In this study, we seek to build on existing research examining the potential relationship between atrazine and hypospadias by incorporating information about maternal water consumption, as well as other known demographic and behavioral risk factors. We use a novel technique to estimate maternal exposure to atrazine in drinking water, and take advantage of unique data that include information about behavioral covariates to control for confounding and maternal residential address throughout pregnancy to improve exposure assessment.
Data from this study come from the National Birth Defects Prevention Study (NBDPS), a population-based case-control study conducted in ten states with the Centers for Disease Control and Prevention. NBDPS identifies second- and third-degree hypospadias cases, which are considered moderate to severe , from birth defect surveillance registries and randomly selects controls from birth certificates or birth hospital records. NBDPS does not include first-degree, or mild, hypospadias cases due to variable diagnosis patterns and medical documentation. NBDPS cases were contributed by each center (an active surveillance birth defects registry), and reviewed by a clinical geneticist there to ensure that all cases met NBDPS study criteria and thus ensure accurate and consistent case ascertainment across study sites. Second- and third- degree cases of hypospadias from all centers were then reviewed in detail by a clinical geneticist who focused on this birth defect, and who considered medical record information and anatomical descriptions provided by health care providers .

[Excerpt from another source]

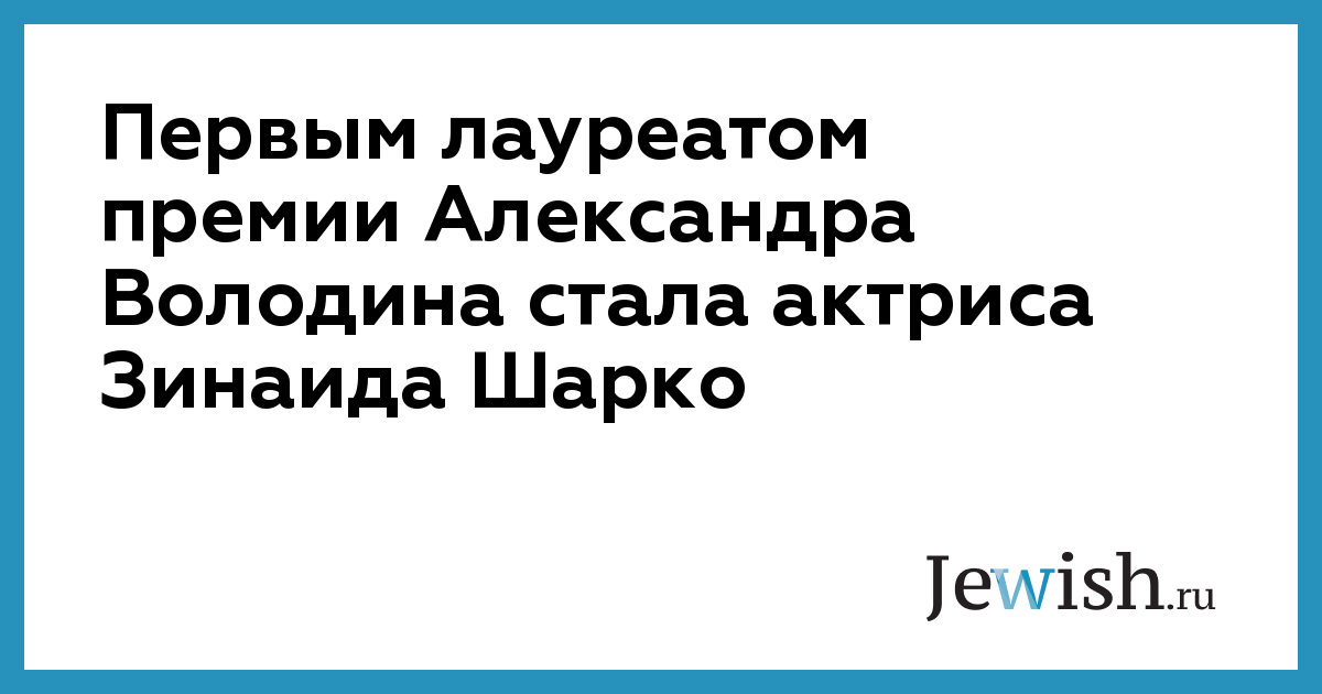 Первым лауреатом премии Александра Володина стала актриса Зинаида Шарко

NBDPS also collects data on a wide number of covariates via computer-assisted telephone interview with the mother. For the years included in the study, the interview also included a water module which asked questions about drinking water source and water consumption. Additional covariates include maternal address throughout pregnancy, and a number of known risk factors for hypospadias, including maternal age, maternal race/ethnicity, parity, plurality, maternal choline intake, and use of fertility medications .

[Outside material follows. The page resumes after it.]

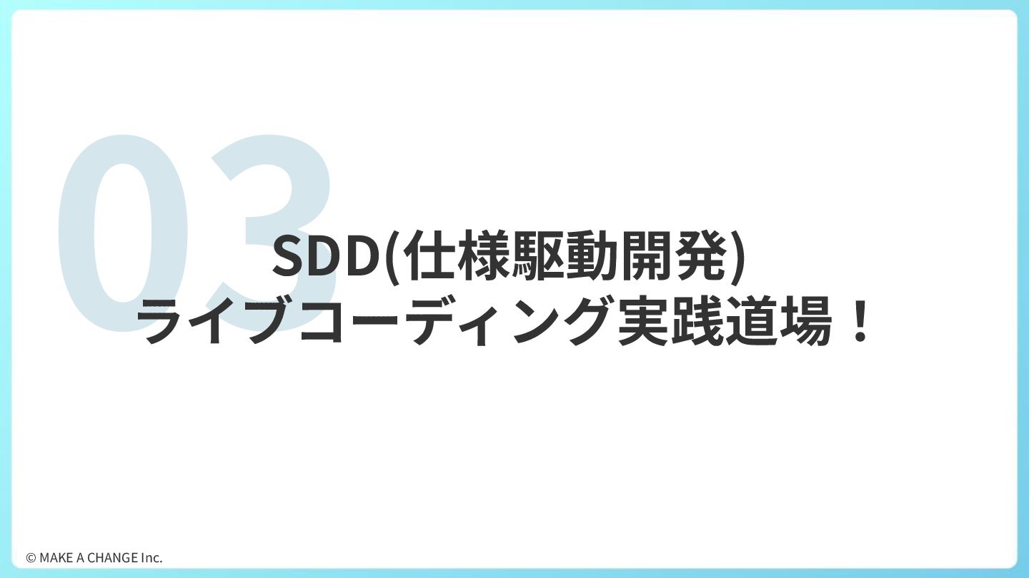 03 SDD(仕様駆動開発) ライブコーディング実践道場! © MAKE A CHANGE Inc.

The study included hypospadias cases (n = 343, of which 305 were isolated cases where hypospadias was the only observed anomaly, and 38 were cases where other birth defects were observed in conjunction with hypospadias) and male controls (n = 1,422) whose mothers were successfully interviewed from North Carolina, Iowa, Arkansas, and Texas. Iowa, Arkansas, and Texas contributed data for women with estimated due dates between 1998 and 2005. North Carolina did not join the study until 2003, providing data for women with estimated due dates between 2003 and 2005. Analyses were conducted on isolated and non-isolated cases combined. Among cases identified in the clinical database, participation rates in the full interview were 73 % for Arkansas, 44 % for Iowa, 73 % for North Carolina, and 65 % for Texas. Participation rates for the male and female control groups were 67 % for Arkansas, 63 % for Iowa, 72 % for North Carolina, and 64 % for Texas.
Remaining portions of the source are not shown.